Vic didn't even know if Shane was gay or not. Every now and then Vic would get a sense that he might be, but he could never be certain and he certainly never planned on asking. Shane knew that much about him, and if he'd wanted to share he would have by now. They rarely talked about things like that anyway. Shane had never been married, and occasionally would mention a disastrous date, but never the gender of the person he'd been seeing. If Vic was a betting man, he'd have said Shane was gay.

But there was a reason Vic had never been to Las Vegas.

"M&Ms, huh?" Owen questioned as Shane laughed.

"How was your trip?" Vic asked with a little laugh.

"I'll tell you when I've got drunk enough to handle remembering," Shane said with a groan. "Owen's flailing. Hold on," Shane said with a sigh, and Vic could almost see the man taking the phone and holding it to his chest as he continued to speak. "Why do you not know where you are?"

"I'm out of my district, man," Vic heard Owen respond.

"You've lived here all your life!" Shane protested. "Turn there."

"Here?"

"I don't know. It looks familiar, though. Jesus Christ, I hate this town, Vic," Shane lamented as he brought the phone back to his mouth.

"You're lost, aren't you?" Vic asked with a laugh.

"Yes. I would be worried, but Owen has the survival instincts of a cockroach," Shane murmured into the phone.

"I heard that," Owen said petulantly.

"Of course you did. You're sitting right there," Shane told him.

"You could at least try to whisper it," Owen responded.

"Then it wouldn't be half as fun to say," Shane pointed out.

Vic grinned and took a deep breath of the cool air rushing in through his open car window. "I've got to drive. I'll see you at the courthouse in a bit," he said as his chest tightened with excitement and his head began to feel a little light at the thought of seeing them both.

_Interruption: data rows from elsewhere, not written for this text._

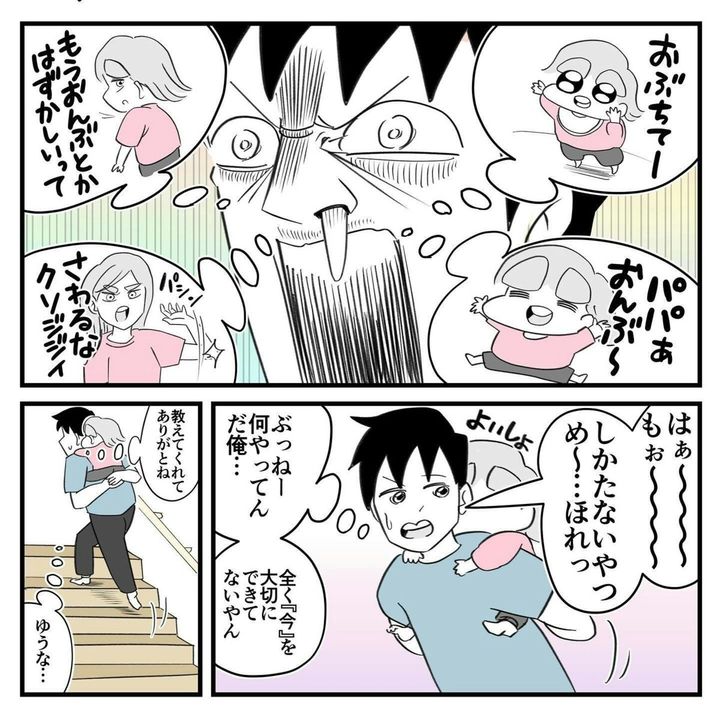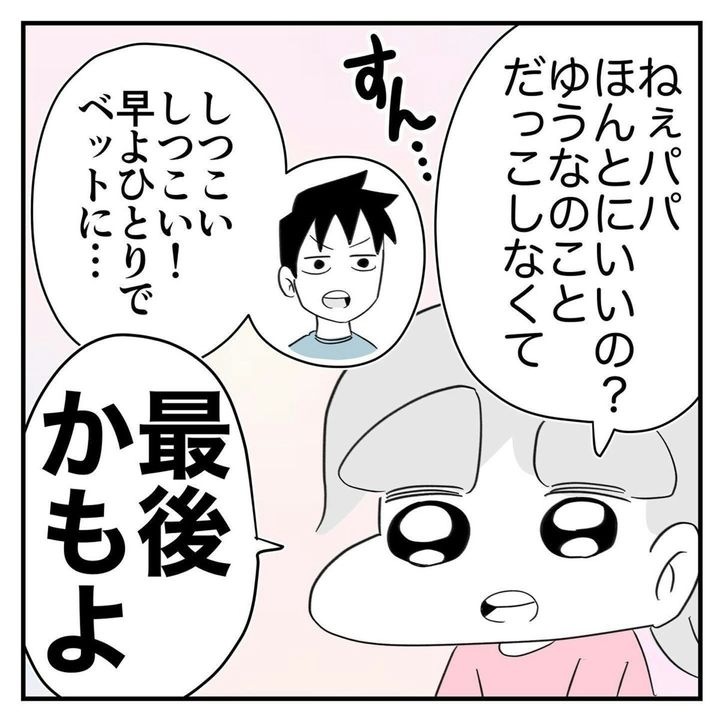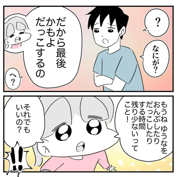 こばぱぱ(@kobapapaaa)さんの小学生の娘が「抱っこして」と言い出したので、困り果ててしまいました。そんな娘が「最後かもよ」と言い始め、ハッとします。これからどんどん成長していく娘に「抱っこして」と言われる瞬間はもうなくなるのだと気づき、「今」を大切にしようと思ったこばぱぱさん。しかし、わがままを聞いてもらえた娘の方は…。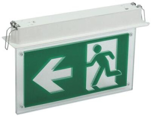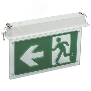 Предназначен для указания путей эвакуации, мест выхода, направления движения и прочих информационных целей в общественных и административных помещениях с низким уровнем содержания пыли и влаги. Знаки сменные. Встраивается в потолки типа Армстронг.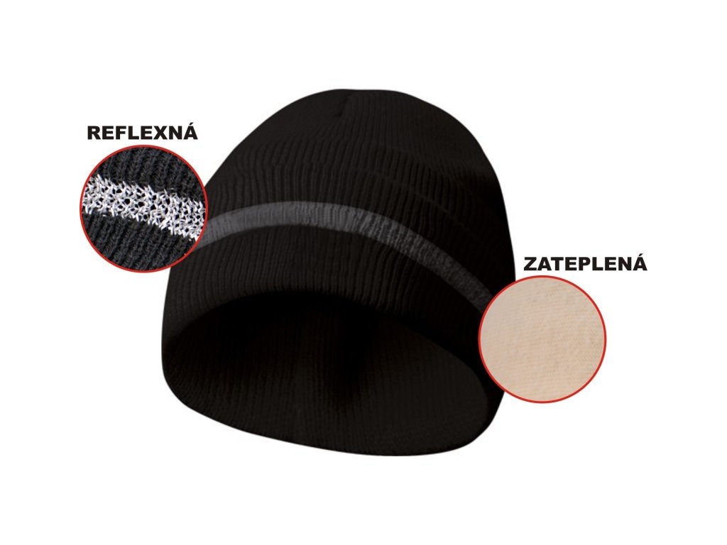 Extrémně teplá čepice v černé barvě s reflexním páskem po obvodu a originální 3M Thinsulate podšívkou.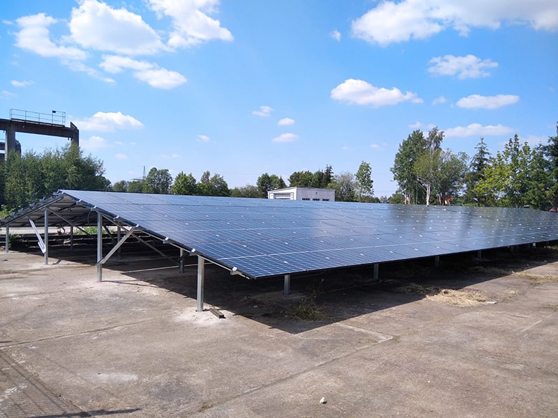 Modern kelet–nyugat tájolású fotovoltaikus rendszer – nagyteljesítményű telepítés ipari célokra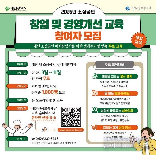시민행정신문 이세훈 기자 | 대전시는 예비창업자와 소상공인의 경영 역량 강화를 위해 ‘2026년 창업 및 경영개선 교육’참여자를 모집한다.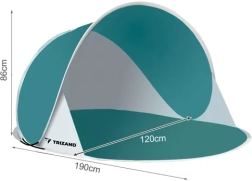Enjoy comfort and shade by the water with the TRIZAND beach tent. The semi-open POP-UP design unfolds almost instantly when removed from the cover, and flexible fiberglass poles ensure stability. The tent reliably protects against wind and sun; the fabric with a UV filter UPF 30+ reduces harmful radiation. A water column rating of 300 mm provides protection against light rain or drizzle.

He saw Owen maybe once a week, if he was lucky. In a way he dreaded those moments. He almost always got his heart trampled over when he spent any amount of time with Owen, but Vic had come to accept that as inevitable. Perhaps what made it worse was that Owen didn't know he did it.

If Vic had suspected that Owen knew he loved him and still treated him like a casual fuck, it would have given Vic reason to stop the cycle, to tell Owen that he couldn't be used like a helipad for whenever Owen needed to land somewhere and just move on and be happy.

But Owen didn't know how Vic felt. He thought Vic did the same thing he did--enjoyed the fleeting moments and moved on--and so Vic let him in and out of his life as he pleased, hoping to one day have the other man see differently. Vic couldn't fault him for not knowing if he'd never had the nerve to tell him.

What that left Vic with, however, was heartache of the highest order. The plus side was that Shane was always good for comfort, the few times a month Vic saw him. His presence soothed the ache, probably because his presence often involved alcohol of some description, but Vic didn't care. He would face the heartache for the rare chance of enjoying time with his friends. He would face it for the rest of his life for those precious few stolen moments of almost love.